Wed May 11 13:33:48 PDT 2011

Nathan Lynch <ntl at pobox.com> writes:

> Hi Eric,
>
> On Fri, 2011-05-06 at 19:24 -0700, Eric W. Biederman wrote:
>> With the networking stack today there is demand to handle
>> multiple network stacks at a time.  Not in the context
>> of containers but in the context of people doing interesting
>> things with routing.
>> 
>> There is also demand in the context of containers to have
>> an efficient way to execute some code in the container itself.
>> If nothing else it is very useful ad a debugging technique.
>> 
>> Both problems can be solved by starting some form of login
>> daemon in the namespaces people want access to, or you
>> can play games by ptracing a process and getting the
>> traced process to do things you want it to do. However
>> it turns out that a login daemon or a ptrace puppet
>> controller are more code, they are more prone to
>> failure, and generally they are less efficient than
>> simply changing the namespace of a process to a
>> specified one.
>> 
>> Pieces of this puzzle can also be solved by instead of
>> coming up with a general purpose system call coming up
>> with targed system calls perhaps socketat that solve
>> a subset of the larger problem.  Overall that appears
>> to be more work for less reward.
>> 
>> int setns(int fd, int nstype);
>> 
>> The fd argument is a file descriptor referring to a proc
>> file of the namespace you want to switch the process to.
>> 
>> In the setns system call the nstype is 0 or specifies
>> an clone flag of the namespace you intend to change
>> to prevent changing a namespace unintentionally.
>
> I don't understand exactly what the nstype argument buys us - why would
> correct code ever need to specify a value other than 0?  And reusing the
> CLONE_NEW* values in this interface is kind of ugly when setns is
> precisely _not_ creating new namespaces.

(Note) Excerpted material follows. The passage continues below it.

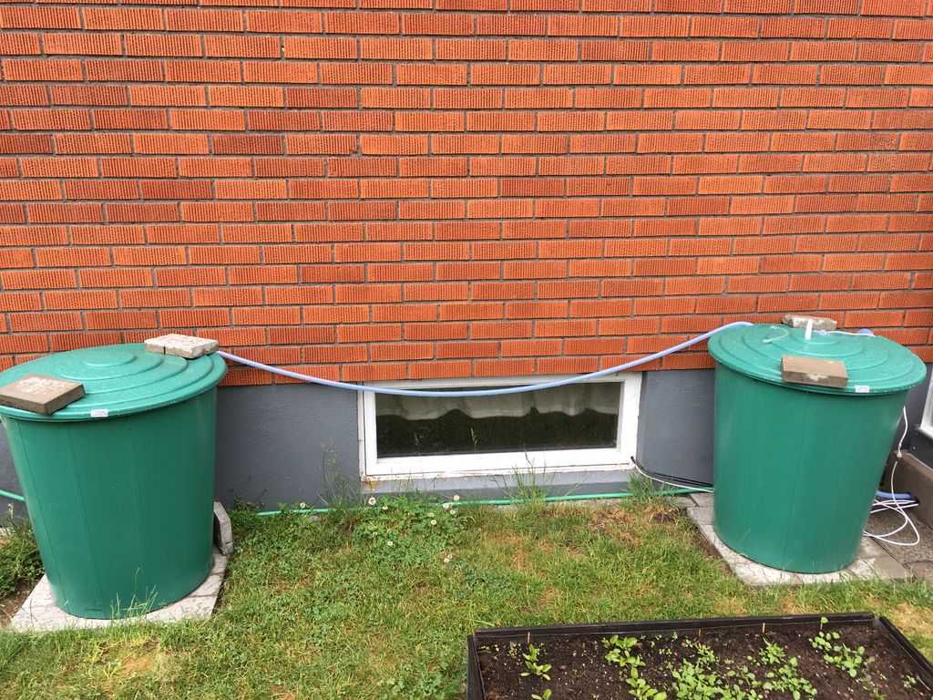 У меня есть два бака для сбора дождевой воды, подсоединенные к водостоку. В баках установлена автоматическая защита от перелива, требующая выставления уровня наполненности. Баки соединены между собой шлангом, таким образом, между ними осуществляется сифонный водосброс, чтобы достичь одинакового уровня воды в обоих баках.

No but it is setting a new namespace.  I do agree it is a bit ugly.  But
the worst case at this point is I introduce a new set of beautiful
defines with the same values.

> Is there some fundamental reason it couldn't be
>
> int setns(int fd);
>
> or is there a use case I'm missing?

When someone else opens the file descriptor and passes it to us
and we don't completely trust them.  Or equally when someone
else does the bind mount into the filesystem namespace and we
don't completely trust them.

Plus having a flags field is useful in general.

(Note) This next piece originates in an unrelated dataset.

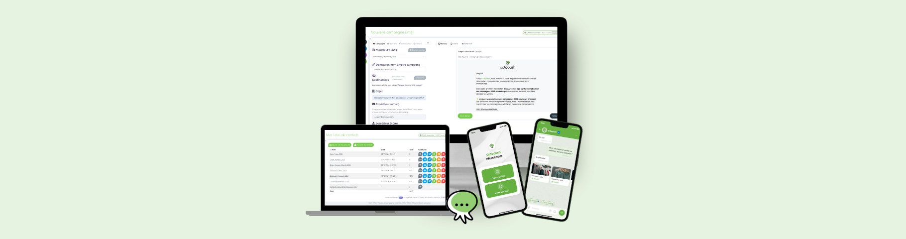Octopush regroupe tous les outils nécessaires pour gérer vos communications sur une seule interface. En plus des campagnes SMS, les fonctionnalités e-mail incluent :

>> +SYSCALL_DEFINE2(setns, int, fd, int, nstype)
>> +{
>> +	const struct proc_ns_operations *ops;
>> +	struct task_struct *tsk = current;
>> +	struct nsproxy *new_nsproxy;
>> +	struct proc_inode *ei;
>> +	struct file *file;
>> +	int err;
>> +
>> +	if (!capable(CAP_SYS_ADMIN))
>> +		return -EPERM;
>> +
>> +	file = proc_ns_fget(fd);
>> +	if (IS_ERR(file))
>> +		return PTR_ERR(file);
>> +
>> +	err = -EINVAL;
>> +	ei = PROC_I(file->f_dentry->d_inode);
>> +	ops = ei->ns_ops;
>> +	if (nstype && (ops->type != nstype))
>> +		goto out;
>> +
>> +	new_nsproxy = create_new_namespaces(0, tsk, tsk->fs);
>
> create_new_namespaces() can fail; shouldn't this be checked?

Yes.  This was pointed out a little earlier and has been fixed
in my tree.

>> +	err = ops->install(new_nsproxy, ei->ns);
>> +	if (err) {
>> +		free_nsproxy(new_nsproxy);
>> +		goto out;
>> +	}
>> +	switch_task_namespaces(tsk, new_nsproxy);
>> +out:
>> +	fput(file);
>> +	return err;
>> +}
>> +

Eric